Research Interests
My main research interest is in identifying
causal interactions in biological systems from whole-genome studies. We
use two approaches to infer causation: (1) chronology of events
observed in dynamical systems, especially time-dependent gene
expression, and (2) non-Gaussian patterns in joint probability
distributions.
Timing of cell-cycle regulated gene transcription.
We develop
computational methods of analysis of timecourse gene expression data,
based on MAP optimization and the Maximum Entropy principle. We have
designed and implemented an algorithm which deconvolves the measured
culture-average profiles and allows to recover the single cell
expression profile for each cell-cycle regulated gene. Peaks
of transcripts regulated by the yeast cell cycle were recovered with
a precision an order of magnitude better than the resolution of the
source data.

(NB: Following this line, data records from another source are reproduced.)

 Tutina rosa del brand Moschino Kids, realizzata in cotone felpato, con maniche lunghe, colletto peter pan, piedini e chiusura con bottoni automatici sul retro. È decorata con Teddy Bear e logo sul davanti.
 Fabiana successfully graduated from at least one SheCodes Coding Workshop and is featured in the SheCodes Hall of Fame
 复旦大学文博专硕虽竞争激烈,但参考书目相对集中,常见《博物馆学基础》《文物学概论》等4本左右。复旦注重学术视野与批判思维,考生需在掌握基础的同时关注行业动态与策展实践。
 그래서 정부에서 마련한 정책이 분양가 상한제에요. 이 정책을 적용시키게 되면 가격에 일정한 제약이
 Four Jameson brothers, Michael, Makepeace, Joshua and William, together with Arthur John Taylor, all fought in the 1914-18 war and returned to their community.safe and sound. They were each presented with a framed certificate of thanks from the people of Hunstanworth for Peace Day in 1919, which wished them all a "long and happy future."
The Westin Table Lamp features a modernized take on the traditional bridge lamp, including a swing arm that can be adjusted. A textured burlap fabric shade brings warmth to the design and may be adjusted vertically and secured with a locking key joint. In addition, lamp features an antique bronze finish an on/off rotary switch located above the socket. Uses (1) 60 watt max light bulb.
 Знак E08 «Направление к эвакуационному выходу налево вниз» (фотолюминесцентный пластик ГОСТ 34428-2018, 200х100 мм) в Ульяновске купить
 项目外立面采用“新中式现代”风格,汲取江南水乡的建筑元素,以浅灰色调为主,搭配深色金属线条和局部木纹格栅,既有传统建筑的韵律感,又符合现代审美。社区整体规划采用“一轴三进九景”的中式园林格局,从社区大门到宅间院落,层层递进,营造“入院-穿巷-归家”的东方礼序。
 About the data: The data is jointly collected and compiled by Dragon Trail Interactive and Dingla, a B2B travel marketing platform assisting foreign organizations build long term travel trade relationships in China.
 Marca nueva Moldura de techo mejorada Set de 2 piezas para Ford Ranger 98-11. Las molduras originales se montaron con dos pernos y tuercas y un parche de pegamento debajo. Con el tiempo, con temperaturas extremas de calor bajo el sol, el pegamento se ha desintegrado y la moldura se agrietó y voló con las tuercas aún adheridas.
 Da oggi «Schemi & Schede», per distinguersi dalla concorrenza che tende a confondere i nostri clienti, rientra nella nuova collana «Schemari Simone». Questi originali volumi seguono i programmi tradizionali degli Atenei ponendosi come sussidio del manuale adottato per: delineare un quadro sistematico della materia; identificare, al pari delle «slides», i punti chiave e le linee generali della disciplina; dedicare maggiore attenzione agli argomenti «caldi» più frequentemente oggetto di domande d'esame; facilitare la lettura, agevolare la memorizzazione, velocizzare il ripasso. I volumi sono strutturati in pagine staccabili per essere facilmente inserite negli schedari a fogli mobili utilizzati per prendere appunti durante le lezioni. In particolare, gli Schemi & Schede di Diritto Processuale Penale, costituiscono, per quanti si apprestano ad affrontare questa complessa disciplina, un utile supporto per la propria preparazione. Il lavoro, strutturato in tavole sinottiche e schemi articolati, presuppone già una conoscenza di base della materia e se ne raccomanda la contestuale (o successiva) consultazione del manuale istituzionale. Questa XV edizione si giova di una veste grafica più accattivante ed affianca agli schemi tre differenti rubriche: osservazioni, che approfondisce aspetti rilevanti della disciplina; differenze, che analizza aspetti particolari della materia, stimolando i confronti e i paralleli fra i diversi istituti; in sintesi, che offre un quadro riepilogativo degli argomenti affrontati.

We have
identified a previously undescribed, pre-replicative (G1/P) wave of
transcription of cell-cycle genes. Our results have provided new
insight into the assembly and dynamics of molecular complexes involved
in the mitotic cell division (e.g. MCM, ORC), as well as allowed us
to discover transcriptional regulation of genes previously thought to
be constitutively expressed, as Cdc28/Cdk1, the master cell cycle regulator.
Cell-cycle regulation in different species and conditions.
We apply the deconvolution method to comparing
the temporal organization of cell-cycle events in different species and
under different experimental conditions (e.g. high- and low-
nutrient, healthy and disease states, cell cultures representing
individuals of different ages). We identify the preserved regulatory
modules. By analyzing the data in context of regulatory motifs in the
untranslated regions of the genes, we reconstruct the transcription
factor activity and its evolution or dependence on environmental
factors.
Spatiotemporal Organization of Somitogenesis.
Generation of somites in a vertebrate embryo is
dependent on waves of gene expression which exhibits periodicity in the
spatiotemporal domain. We are developing methods of data analysis
tailored to microarray data collected in such systems. The algorithms
include methods of detecting regulated genes, as well as
reconstructing the underlying spatiotemporal expression patterns
using a maximum a posteriori deconvolution procedure, similar to the one applied to the yeast cell-cycle.
Inferring causation in protein networks from non-Gaussian probability distributions
Reconstructing protein networks is important for
selecting candidate biomarkers and targets for drugs. The task is
facilitated if the directionality (or causality) of interactions is
known. We are working on inferring causal interactions in protein
networks without the need for experimental interventions, by
identifying asymmetric features in joint distributions of expression
levels of pairs of genes, collected in a large number of conditions. We
select and calibrate various statistical measures of asymmetry,
using known interactions in yeast and human protein networks as
training sets.
Online Tools for Analysis of Time Course Gene Expression Profiles
SCEPTRANS is a comprehensive on-line tool for analysis
of microarrays from cell-division and metabolic cycles in the
budding yeast. We are expanding this project into a general
repository of periodic expression profiles, including data from
different processes, such as circadian rhythms, sleep phases and
organism development, supplemented with relations based on
ontologies, evolutionary homology, regulatory motifs and profile
clustering.
Other
I am also interested in the numerical and statistical methods of model building and phasing in X-ray crystallography.